4. The Sachigo Subprovince comprises crustal blocks ranging from Paleoarchean (>3.4 Ga) to Neoarchean (ca. 2.7 Ga) in age.
Geology of the Red Lake Belt (adapted from Sanborn-Barrie et al. 2001)
The Red Lake greenstone belt is dominated by the (ca. 2990 Ma)
mafic-ultramafic Balmer assemblage, an oceanic plain sequence;
minor calc-alkalic volcanic rocks of arc-like affinity terminate
the assemblage. The majority of lode gold deposits in the camp
are hosted by the basal mafic-ultramafic sequence. A later
diverse lithologic association, the Ball assemblage, appears to
represent a shallow marine, volcanic edifice built upon the
Balmer substrate.
Widespread ca. 2894 Ma calc-alkaline volcanism is represented in
Red Lake by the Bruce Channel assemblage. Overlying this is the
ca. 2850 Ma Trout Bay assemblage which includes substantial
basaltic and gabbroic rocks in western Red Lake which are
prospective for PGE mineralization, and which includes minor
intermediate pyroclastic rocks throughout central Red Lake. The
Trout Bay assemblage may correlate with Woman assemblage rocks of
the Confederation Lake belt.
A regional angular unconformity is interpreted to separate the Mesoarchean assemblages from the Neoarchean Confederation assemblages. Volcanogenic massive sulphide mineralization is associated with the younger sequence. A significant number of felsic units are classed as FII and FIII type rhyolites, considered highly prospective for large (Kidd Creek/Noranda type) massive sulphide deposits (Parker 1999).
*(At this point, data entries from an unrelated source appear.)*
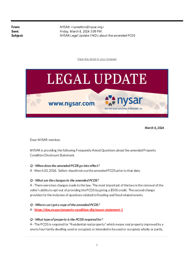 From: Sent: Subject:NYSAR nyrealtors@nysar.org Friday, March 8, 2024 3:09 PM NYSAR Legal Update: FAQ\'s about the amended PCDSView this email in your browserMarch 8, 2024 Dear NYSAR member, NYSAR
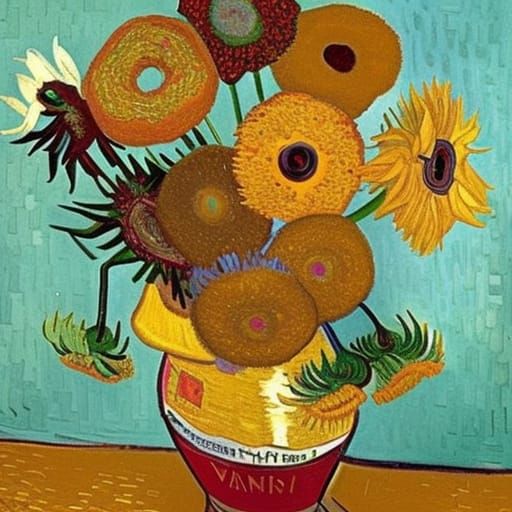 A striking picture of donuts arranged as flowers in a vase. The image uses post-impressionist techniques with thick brushstrokes and vivid colors reminiscent of Van Gogh's style.
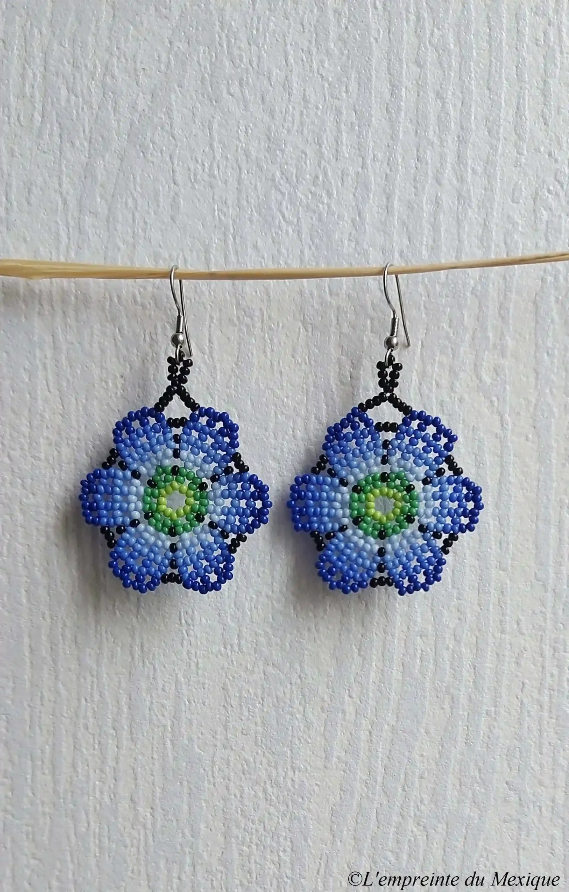 Boucles d’oreilles fleurs de peyotl bleu foncé en perles de chaquiras – Art Wixárika

A newly recognized component of the Neoarchean supracrustal package is the Huston sedimentary assemblage that includes surface exposures of polymictic cobble- to pebble-conglomerate and argillite; clasts include jasperoidal chert iron formation, massive sulfide pebbles, mafic flow rocks as well as well-bedded, graded turbiditic wacke and argillite. The Huston assemblage conformably to unconformably overlies the McNeely sequence (Confederation assemblage) and underlies the Graves assemblage (Sanborn-Barrie et al. 2004). The U-Pb age of detrital zircons give single age peaks of 2743 and 2746 Ma at the cemetery and Madsen sites, respectively (Skulski et al. 2001), indicating single source derivation from erosion of pre-existing Confederation age rocks, and deposition after ca. 2743 Ma.
In the Campbell-Red Lake deposit area the conglomerate defines
the interface between the Balmer or Bruce Channel assemblages and
the Confederation assemblage. Exposures on 16 Level of the Red
Lake Mine reveal that
..the [Huston] conglomerate is a polymictic proximal conglomerate
or breccia (debris flow) dominated by subangular to subrounded
laminated cherty clasts with local jasper-rich and green mica
fragments; it is similar to the Temiskaming conglomerate… it also
contains clasts of andalusite-rich altered basalt and a few local
clasts of layered (possibly sheeted) carbonate veins with small
crustiform banding and cockade texture.. (Dubé et al. 2004)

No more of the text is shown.